The idea of taking something down because it hurts someone’s feeling is about the worst possible excuse for removing something.

Sometimes there is just no way to tell someone they are fucking nuts without indirectly or just directly insulting them. People just need to understand… life is a bitch, and all the people around you are bitches too! And that mug you see in the mirror? Yep… bitch as well.

We absolutely must have discourse to survive as a society and that includes the pain that goes with it. Suppressing people speech because it is hurtful is the same as asking married couples to never have a problem because you can never talk about them!

Anonymous Coward says:

Re: Re:

It should be obvious that Leslie Jones didn’t get banned — while her critics most certainly did — because Sony had sunk $300 million into the movie she starred in. Twitter is simply protecting an expensive property.

It’s the same reason why trash-talking recording artists who sign multi-year/multi-million dollar contracts also get a free ride on Twitter.

Don’t expect any kind of “fairness” — money talks on Twitter.

That Anonymous Coward (profile) says:

Twitter bans always seem to be based on optics, rather than the actual issues.

Isis is a hot button, so boom ban first figure it out later.
Racist content, well if they offend a big enough star we can do something.
Rape threats, they are just idle threats… unless you are important enough.

I remember looking at some of the ‘experts’ Twitter wanted to use to help them sort this out and it was a long list of people who were upset at everything… unless they were the one making the comments.

Twitter isn’t even sure what their platform is for. They are so focused on keeping stars & power players happy while ignoring the other 99.99% of their user base.
We built stars a special client that lets them filter out junk tweets.
We add a mark so you know they are the real person (or their staff).

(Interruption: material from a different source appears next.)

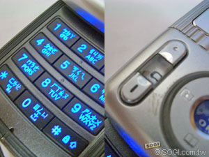 有好就有壞,滑蓋機的致命傷:前蓋過大以致於按鍵空間不足,也在 PG3000 上看到。數字按鍵一字平行排開,並無任何突起分隔,在撥按時容易誤觸。而主功能鍵則分設於機蓋左右兩邊,過小的按鍵實在很難操作,更別提「C」的清除鍵是設在功能鍵與接聽鍵的中間了,太容易在操作時跳出原有視窗。使用者得多些耐心適應按鍵的排列方式才行。

You managed to piss off the right block of people, and are getting 1000 tweets every 10 minutes… nothing we can do. Someone keeps making up new accounts & sending you the same threats over and over after you complain for the 40th time and we finally suspend them… oh well.

But hey, we killed a feature most of you liked so we can all share moments…

Arbitrarily Banned for the 666th Time aka The Real says:

I always dislike the rape “threats”, racism, hate speech, whatever is allowed BUT THIS ISN’T angle. As if it would be better if they lowered the bar to the absurd extent that this would not be arbitrary. People, including myself, get banned all the time for arbitrary reasons – the arbitrary argument only seems to hold weight when some politically correct dullard is arbitrarily banned.

Anonymous Coward says:

Surprised no one has yet mentioned the possibility of another reason why a guy who made an ISIS joke got booted from the site: One of Twitter’s majority shareholders is Prince Waleed bin Talal of Saudi Arabia, the country that has exported Wahabist Islam to every continent but Antarctica and created ISIS in the first place with a little help from the good old U$A.

There has been a tremendous crackdown on ANYONE who says anything even remotely critical of the religion of pieces, while scumbags who proselytize openly for the glories of the holy profit (pig’s blood upon him) are allowed to proliferate with impunity. Twitter won’t do anything about ISIS because Twitter itself is an ISIS propaganda outlet.

All in the name of oil and Bronze Age fairy tales. Would that we left both toxic influences upon humanity behind a long time ago.